I've had no time for any sewing at all this week, so instead, I'm looking at another of my old copies of Vogue Pattern Book. This one is the August/September 1951 issue, so is exactly 70 years old.

The change of seasons is the main theme of the issue, although there are a few other articles. The first, and longest, feature is titled "Summer into autumn", and features patterns for 'town clothes' in crêpe, satin, silk jersey, wool jersey, faille, and sheer silk. One of the suggestions for wool jersey, 7444, is also the cover image.

Vogue Pattern Book, August-September 1951

I must admit that one of the first things I noticed about the cover was the puckered crown of the hat (once a hatmaker, always a hatmaker).

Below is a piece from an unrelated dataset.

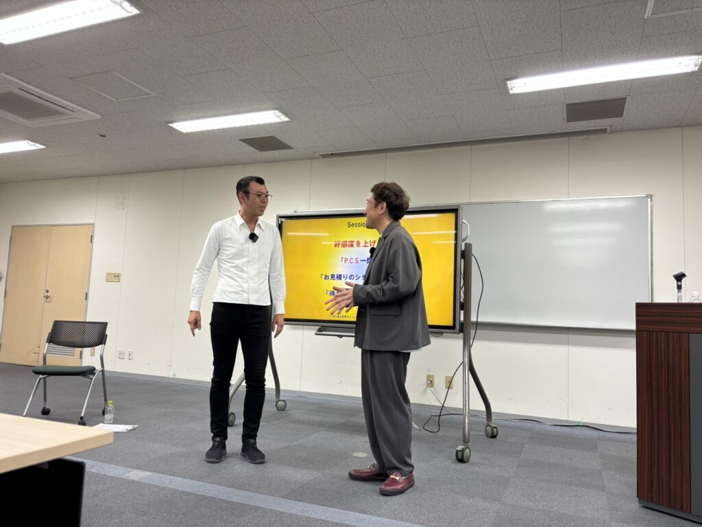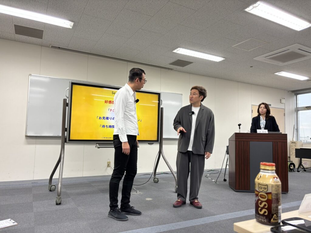研修の目玉は、ジョイマンのお二人による 「悪い接客の実演」。 実際の現場で起こりがちなNG対応を、あえて“笑い”を交えて再現することで、受講者は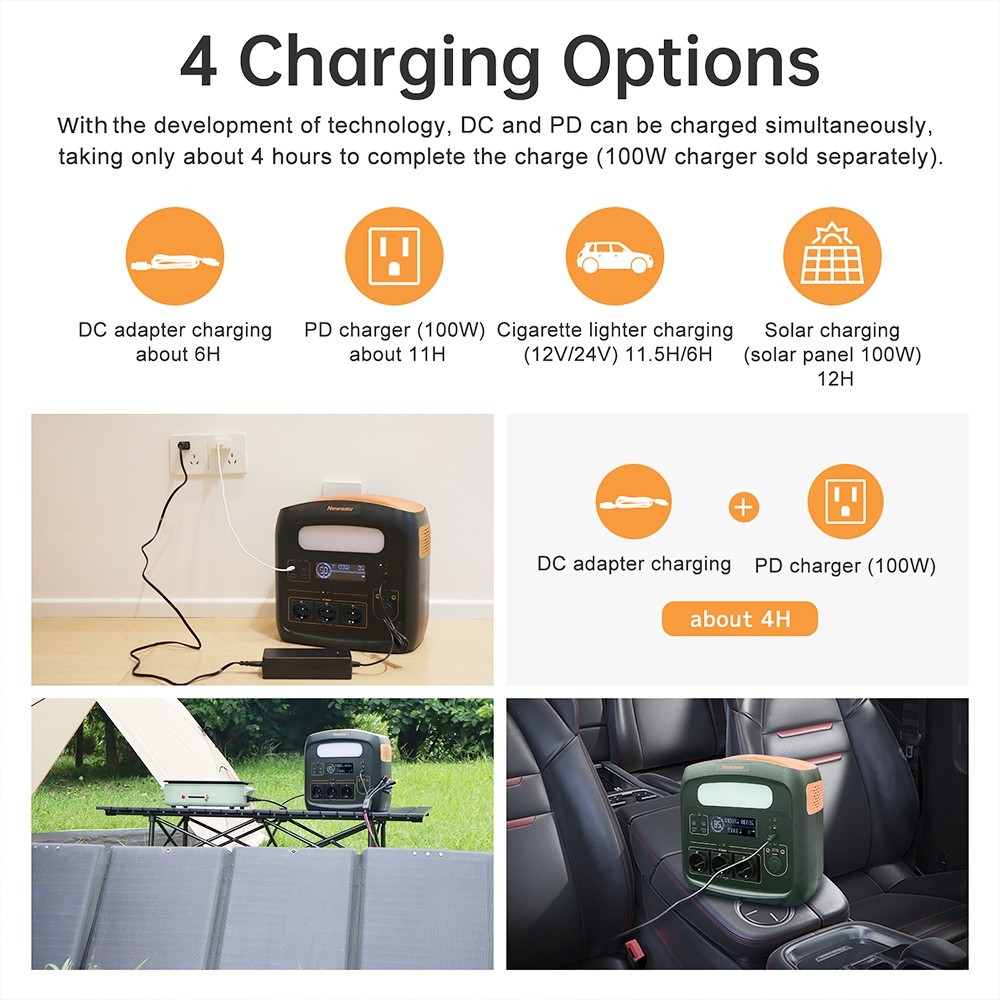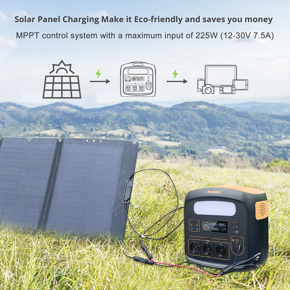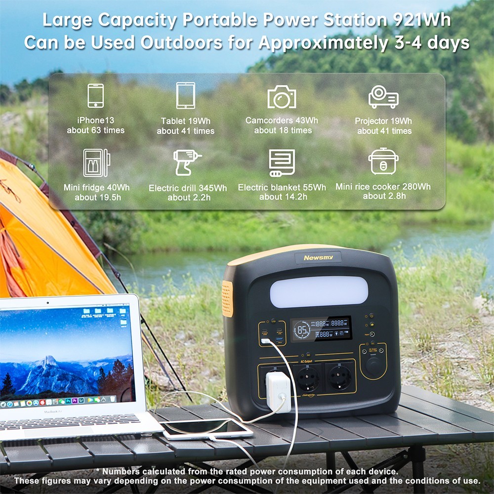 With a built-in battery with a high capacity of 921Wh/288000mAh, Newsmy N1200 is perfect for outdoor activities. It can be charged simultaneously via the Type-C input/output interface and the DC input interface, the estimated charging time via the single input interface is 6-8 hours, and via the two input interfaces 4-5 hours. It can also be charged with solar panels (not included).

On the photograph inside the magazine, however, the puckers have mysteriously vanished. I wonder if the black and white version had been tinkered with a little, but it was too complicated to do the same with the colour image?

The miraculously improved hat

Amid the choices for silk jersey, 7228 is described as "For the older woman". Even though Mrs Exeter had been appearing in Vogue for a couple of years by 1951, it seems as though she hadn't yet made her way into the pattern book.

L to R - 7352, 7362, 7228

There are no references to older women in the four-page feature "Designed to be slimming", and nor are there any illustrations of figures which might need such help. 7443 is described as "particularly flattering to the not-very-slender", which prompted my mum to comment, "She looks pretty blooming slender to me already"!

L to R - 7443, S-4214

The 'Vogue's-eye view' of fashion is also apparent in a short piece on the 1951 National Sewing Contest. One section of this was won by Mrs Irene Basford of Birkdale, who made up a Vogue Paris Original Schiaparelli pattern, 1098.

1098, taken from Pinterest. Photographed in Paris, of course!

Either Mrs Basford was publicity-shy, or she was not considered Vogue material, as the photograph of her wearing her creation is severely cropped.

The mysterious Mrs Basford

Returning to the autumnal theme, "Now - and later" features clothes which can be worn with or without a coat, as the weather cools.

Colourful images for autumn . . .

. . . and a more restrained palette

These include S-4214 "specially designed on softer lines for the older woman" and 7414 which creates "an illusion of slimness for the not-so-slender".

L to R - 630, S-4214, 7414

The feature "Packing for an autumn holiday" offers suggestions for suits, separates, and dresses for sightseeing.

Holiday suits

The green dress in the centre of the right page looked familiar, although the fabric suggestion of shantung is far more formal than the seersucker I used for my version.

Holiday separates and dresses

Also on the side of formality, the final packing suggestion is an evening dress - something which I have never needed on any holiday, at any time of year!

Never part of my packing plans

Vogue Pattern Book readers seemed to attend a lot of cocktail parties, if the number of cocktail dresses and related clothes featured in the issue is anything to go by. Among others, 7155 is described as a jacket "for cocktails or evening wear", while 7208 and 7391 are cocktail dresses in faille and taffeta respectively. That all three appear in a section on maternity wear suggests that pregnancy, like a lot of other things, was very different 70 years ago!

For the cocktail-quaffing mother-to-be (don't try this at home!)